> **HOW TO COMPLETE THIS TASK**: Each record that follows goes into your reply unchanged; the pictures do not.

> **RECORDS PROVIDED**:

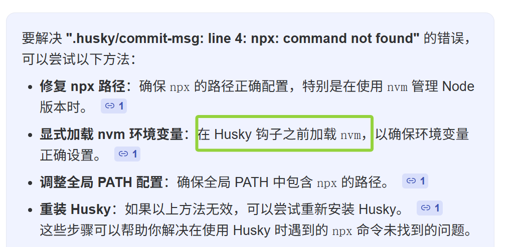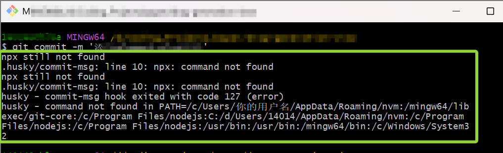 背景:使用 nvm 管理 node 版本时,用 git bash 进行 git commit -m ''代码提交时,出现 husky 报错
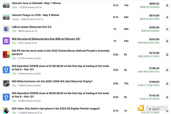 它以 0.7¢(市场认为胜率不到 1%)的价格投入约 16 美元,最终带走 1574 美元,回报率达到惊人的 9,285%。
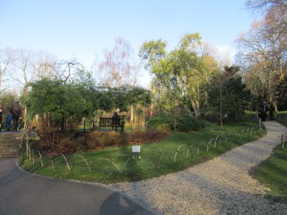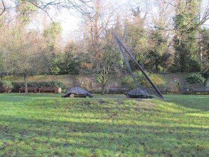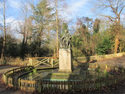 The north side of the park is woodland and the paths were a little confusing. A large sundial appears, mounted on brass tortoises, commissioned in 2000 to mark the new millenium. Then the statue of Lord Holland seated in a chair, after whom the park is named. The path opposite him which I should have followed across the North Lawn was closed off to allow the lawn to regrow so I had to make a bit of a diversion to reach the exit of the park beyond the house.
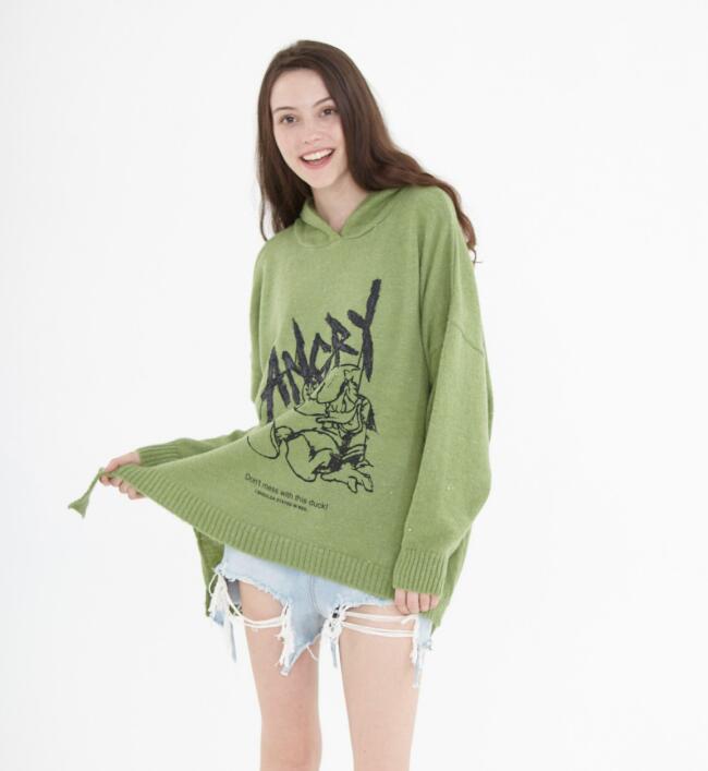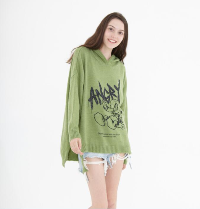 Hooded Irregular Hem loose Women Tops Woolen Knit Sweater
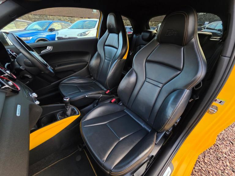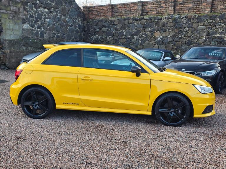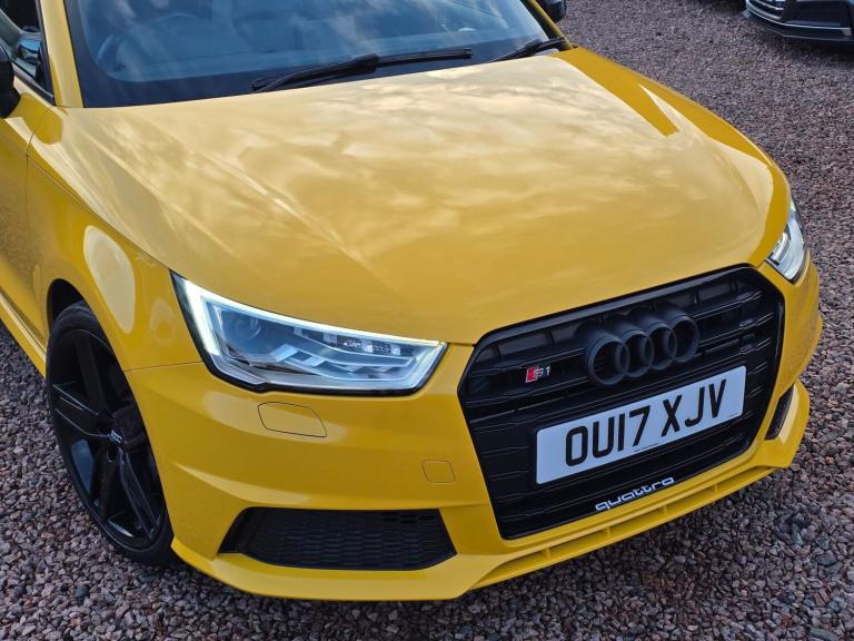 228BHP S1 Competition in Vegas Yellow with colour coded interior trim 2017 AUDI S1 2.0 TFSI COMPETITION QUATTRO £17950 26,900 miles Vegas Yellow 6 stamp service history Quattro all wheel drive system Black leather Super Sports seats with yellow stitching S design body styling with Competition double blade roof spoiler LEZ compliant Xenon headlights, navigation system, rear camera, Audi drive select, S sort suspension, cruise control, DAB radio, 18in alloys, auto headlights and wipers AA Cars Motor Dealer Warranty included with upgrades available Free 12 months AA Breakdown Cover Finance options available Part exchange welcome Rely Motors Ltd, Bankhead Buildings, Kinglassie, KY5 0UH relymotors.com 01592770834 [Phone number removed] [Email address removed. Click Email button to contact us.] Specification includes 18in Alloy Wheels 5 Arm Wing Design Matt Black Finish Diamond Cut, AMI Audi Music Interface, AUX IN Socket, Air Vent Sleeves High Gloss Black, Aluminium Trim for Control Switches Glove Compartment Door Handles Door Sills, Audi Drive Select, Body Styling S Design, Cloth Headlining in Black, Concert Radio, Connectivity Package, DAB Digital Radio, Display Screen 6.5in High Gloss Black, Door Mirrors Electrically Adjustable and Heated, Door Sills with Aluminium Inlays and S1 Logo, ESC Electronic Stabilisation Control, Electronic Climate Control, First Aid Kit and Warning Triangle, Front Passenger Airbag Deactivation Switch, Gear Knob S Specific, Glovebox Illuminated, Handbrake Grip Leather, Head Restraints Rear, LED Interior Light Package, Light and Rain Sensor, Mobile Telephone Preparation Bluetooth Interface, Mono.pur Centre Console and Door Armrests, Non Smoking Package, Pedals in Stainless Steel, Privacy Glass, Rear Fog Lights, S Sports Suspension with Adjustable Dampers, S1 Logo on the MMI, SD Card Reader x2, Seat Belt Height Adjustment for Front Seats, Seat Belt Monitoring, Seats Front Easy Entry, Secondary Collision Brake Assist, Split Folding Rear Seat, Spoiler Roof Double Blade, Styling Package High Gloss Black, Thatcham Category 1 Alarm and Immobiliser, Tyre Pressure Monitoring System, Xenon Plus Headlights

> **RESULT FOR THIS EXERCISE**:
 背景:使用 nvm 管理 node 版本时,用 git bash 进行 git commit -m ''代码提交时,出现 husky 报错
 它以 0.7¢(市场认为胜率不到 1%)的价格投入约 16 美元,最终带走 1574 美元,回报率达到惊人的 9,285%。
 The north side of the park is woodland and the paths were a little confusing. A large sundial appears, mounted on brass tortoises, commissioned in 2000 to mark the new millenium. Then the statue of Lord Holland seated in a chair, after whom the park is named. The path opposite him which I should have followed across the North Lawn was closed off to allow the lawn to regrow so I had to make a bit of a diversion to reach the exit of the park beyond the house.
 Hooded Irregular Hem loose Women Tops Woolen Knit Sweater
 228BHP S1 Competition in Vegas Yellow with colour coded interior trim 2017 AUDI S1 2.0 TFSI COMPETITION QUATTRO £17950 26,900 miles Vegas Yellow 6 stamp service history Quattro all wheel drive system Black leather Super Sports seats with yellow stitching S design body styling with Competition double blade roof spoiler LEZ compliant Xenon headlights, navigation system, rear camera, Audi drive select, S sort suspension, cruise control, DAB radio, 18in alloys, auto headlights and wipers AA Cars Motor Dealer Warranty included with upgrades available Free 12 months AA Breakdown Cover Finance options available Part exchange welcome Rely Motors Ltd, Bankhead Buildings, Kinglassie, KY5 0UH relymotors.com 01592770834 [Phone number removed] [Email address removed. Click Email button to contact us.] Specification includes 18in Alloy Wheels 5 Arm Wing Design Matt Black Finish Diamond Cut, AMI Audi Music Interface, AUX IN Socket, Air Vent Sleeves High Gloss Black, Aluminium Trim for Control Switches Glove Compartment Door Handles Door Sills, Audi Drive Select, Body Styling S Design, Cloth Headlining in Black, Concert Radio, Connectivity Package, DAB Digital Radio, Display Screen 6.5in High Gloss Black, Door Mirrors Electrically Adjustable and Heated, Door Sills with Aluminium Inlays and S1 Logo, ESC Electronic Stabilisation Control, Electronic Climate Control, First Aid Kit and Warning Triangle, Front Passenger Airbag Deactivation Switch, Gear Knob S Specific, Glovebox Illuminated, Handbrake Grip Leather, Head Restraints Rear, LED Interior Light Package, Light and Rain Sensor, Mobile Telephone Preparation Bluetooth Interface, Mono.pur Centre Console and Door Armrests, Non Smoking Package, Pedals in Stainless Steel, Privacy Glass, Rear Fog Lights, S Sports Suspension with Adjustable Dampers, S1 Logo on the MMI, SD Card Reader x2, Seat Belt Height Adjustment for Front Seats, Seat Belt Monitoring, Seats Front Easy Entry, Secondary Collision Brake Assist, Split Folding Rear Seat, Spoiler Roof Double Blade, Styling Package High Gloss Black, Thatcham Category 1 Alarm and Immobiliser, Tyre Pressure Monitoring System, Xenon Plus Headlights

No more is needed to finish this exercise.